Doch trotz dieser Zusetzungen ist die Kölner Stadtbibliothek noch immer extrem unterfinanziert. Dies wurde in der Antwort auf eine Anfrage der LINKEN vom März 2011 deutlich (1187/2011). In Bezug auf fast alle Indikatoren, die in der Deutschen Bibliotheksstatistik den finanziellen, sachlichen oder personellen Input beschreiben, nimmt die Kölner Bibliothek die schlechtesten Werte aller deutschen Großstadtbibliotheken ein. Dieser Mangel kann auch durch das Engagement der Mitarbeiter und die Organisationsleistungen der Bibliotheksführung nicht ausgeglichen werden.

Die Stadtbibliothek erreicht ein gutes Verhältnis von Input zu Output, zum Beispiel der Gesamtausgaben im Verhältnis zur Zahl der Besuche der Bibliothek, aber sie liegt in Bezug auf die Zahl der Besuche pro Einwohner, die Medienausstattung, die Erneuerungsquote bei Medien, die Öffnungszeiten, die Publikumsfläche deutlich unter dem Mittel der Stadtbibliotheken deutscher Großstädte.

Der Personalrat der Stadtbibliothek hat in einem Flugblatt im März 2010 beklagt, dass die Stadtbibliothek im Verhältnis zu ihren Aufgaben mit zu wenig Personal ausgestattet ist. Eine immense Arbeitsbelastung ist die Folge. Die Stadt Köln sollte sich zu ihrer Bibliothek bekennen und ihr die Mittel zur Verfügung stellen, die sie für ihre Weiterentwicklung benötigt.

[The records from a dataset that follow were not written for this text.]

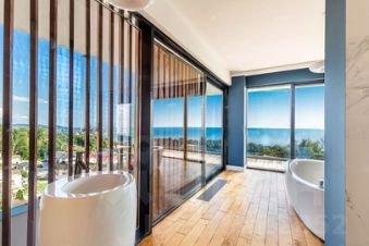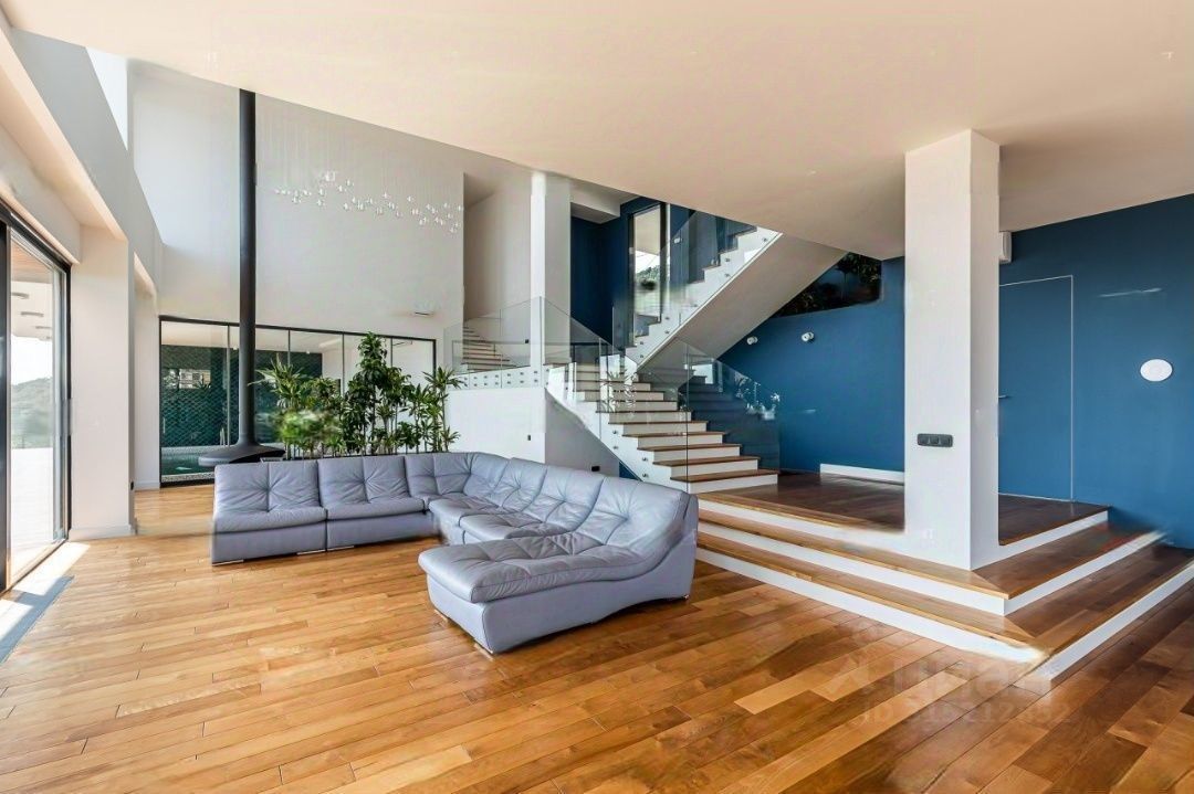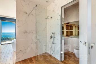 На территории дома, занимающей 8 соток, расположен подогреваемый бассейн, где можно насладиться купанием в любое время года. Ландшафтный дизайн придает участку красивый и ухоженный вид. Особенно привлекательным является супер вид на море, который открывается из окон и с террасы дома.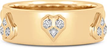Honeycomb hearts illuminated by pavé diamonds enrich a polished band ring crafted from warm 18-karat gold.
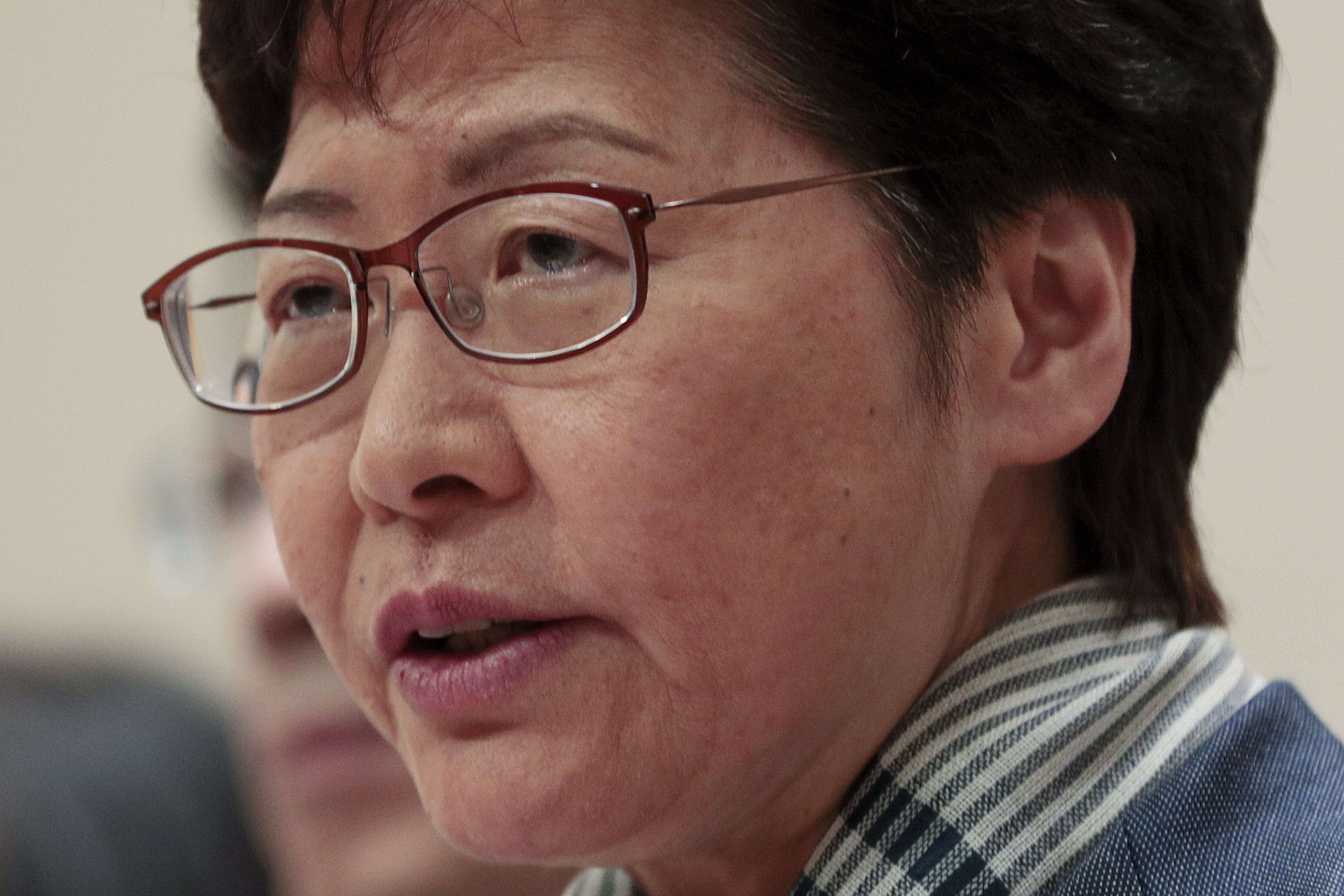 La governatrice di Hong Kong, Carrie Lam, si è impegnata a fare ogni sforzo per metter fine alle proteste antigovernative che devastano la città da più di cinque mesi. Gli ha risposto Joshua Wong, uno dei leader della protesta, preoccupato perché la città è ormai caduta in uno “stato di polizia”. (Foto AP / Kin Cheung)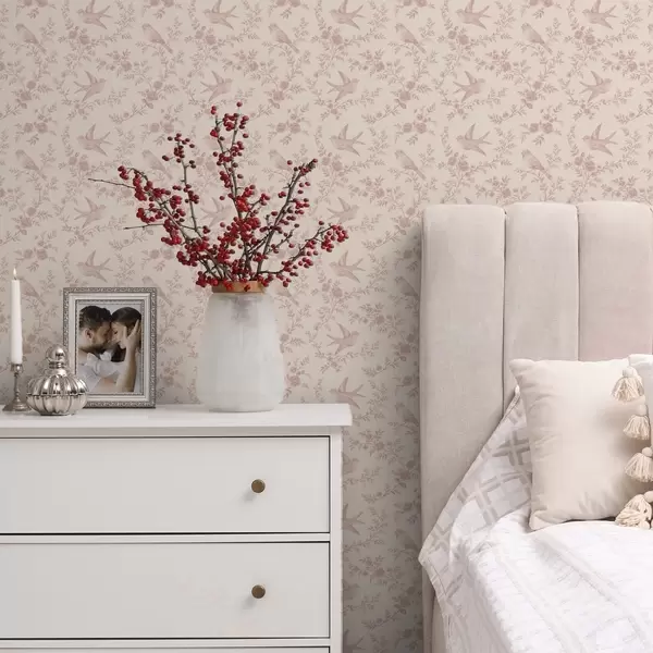 Tapeta Vtáky a ruže, vintage vzor na ružovom pozadí Nr. a00587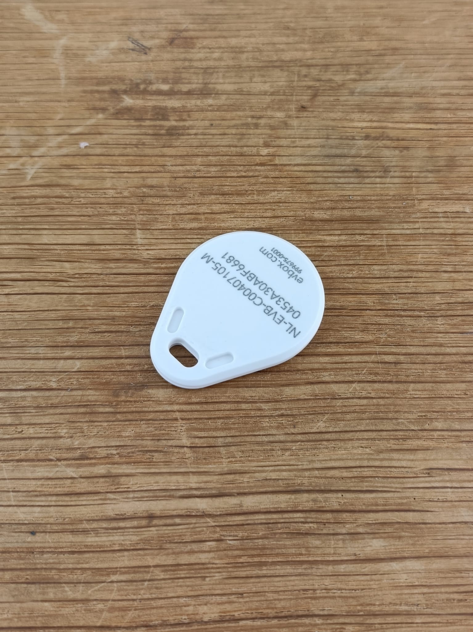De RFID-tag is wit en ziet eruit als een sleutelhanger. Deze is voorzien van het EVBox-logo aan de voorzijde en op de achterzijde een uniek serienummer dat wordt gebruikt bij de registratie.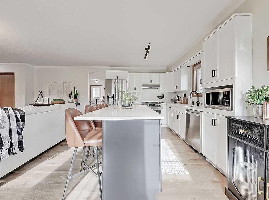 Charming Bungalow on a Quiet Street in Southeast High River. Welcome to this wonderful 4-bedroom home tucked away on a peaceful street located near schools, shopping and walking trails. This beautifully maintained home offers comfort, style, and thoughtful updates throughout. The main floor features a bright and inviting living room with a cozy gas fireplace and an adjacent dining area—perfect for family gatherings. The updated kitchen boasts new countertops, modern vinyl plank flooring, refreshed cabinetry, and a large island that provides ample storage and workspace. The adjoining family room is spacious and seamlessly connected to the kitchen, creating an ideal layout for everyday living and entertaining. The primary bedroom includes a walk-in closet and a renovated 3-piece ensuite, while a second bedroom and convenient main-floor laundry complete the level. Downstairs, the fully finished basement offers a large rec room with a second gas fireplace, two additional bedrooms, and another 3-piece bathroom—making it an ideal space for guests, teens, or extended family. Outside, you’ll enjoy a sunny south-facing deck, perfect for summer BBQs, as well as RV parking for your convenience. Don’t miss your chance to view this fantastic home—call today to schedule your private showing!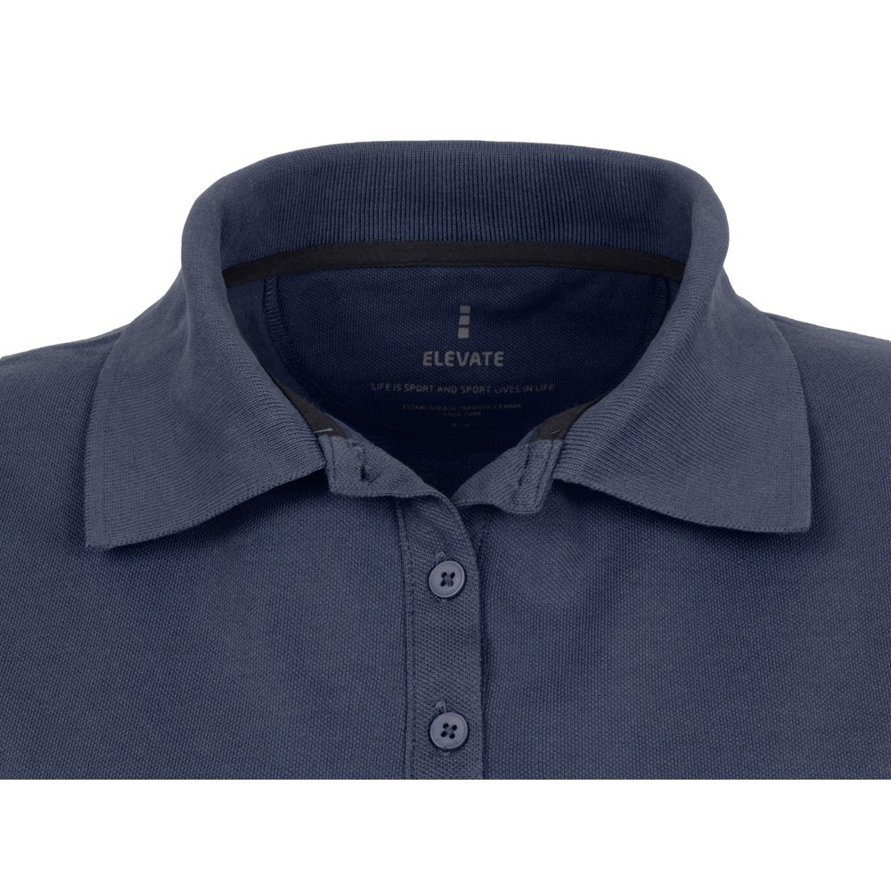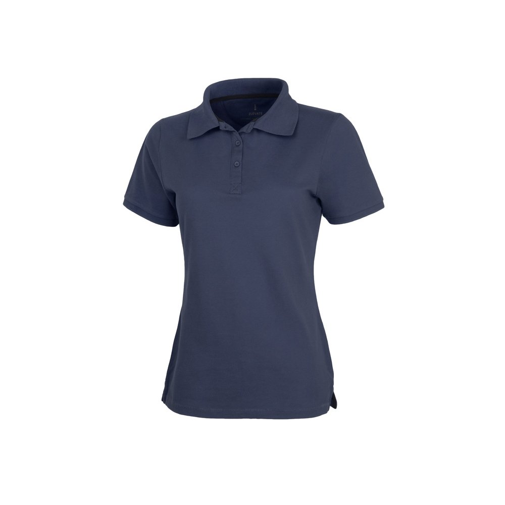 - Женская рубашка поло с короткими рукавами Calgary. Стандартный покрой. Опущенный плечевой шов, цепная строчка. Мужская и детская модели на двух пуговицах. Женская модель с планкой на три пуговицы. Боковые разрезы с атласной лентой внутри. Детали со швами Pick-Stitch. Принт лого сзади в тон изделия. Атласная лента внутри горловины. Полумесяц. Резинка 1х1 на воротнике и манжетах. Трикотажное пике, 100% хлопок. 200 г/м².

Das in diesem Antrag unter Punkt 1 vorgeschlagene Ziel ist dabei noch recht bescheiden:
Es geht darum, die Stadtbibliothek, die derzeit schlechter ausgestattet ist als jede andere Großstadtbibliothek in Deutschland, zumindest in das Mittelfeld der Bibliotheken anzuheben.
Auch wenn die Kölner Stadtbibliothek die 50%-Marke unter den Großstadtbibliotheken erreicht, wird sie noch deutlich unter den Werten der bestausgestatteten Bibliotheken liegen. Die Ausstattungslage der Stadtbibliothek lässt sich nicht von einem Jahr auf das nächste auf einen durchschnittlichen Stand bringen. Die Erweiterung des Personals und ebenso der Aufbau des Medienbestandes benötigen Zeit. Aus diesem Grund erscheint es sinnvoll, die Ausstattung der Stadtbibliothek in mehreren Schritten über die kommenden fünf Jahre zu verbessern.

Der Einfluss von Technologien, wie der neu eingeführten RFID-Etiketten, ist bei der Feststellung des Ressourcenbedarfes zu berücksichtigen.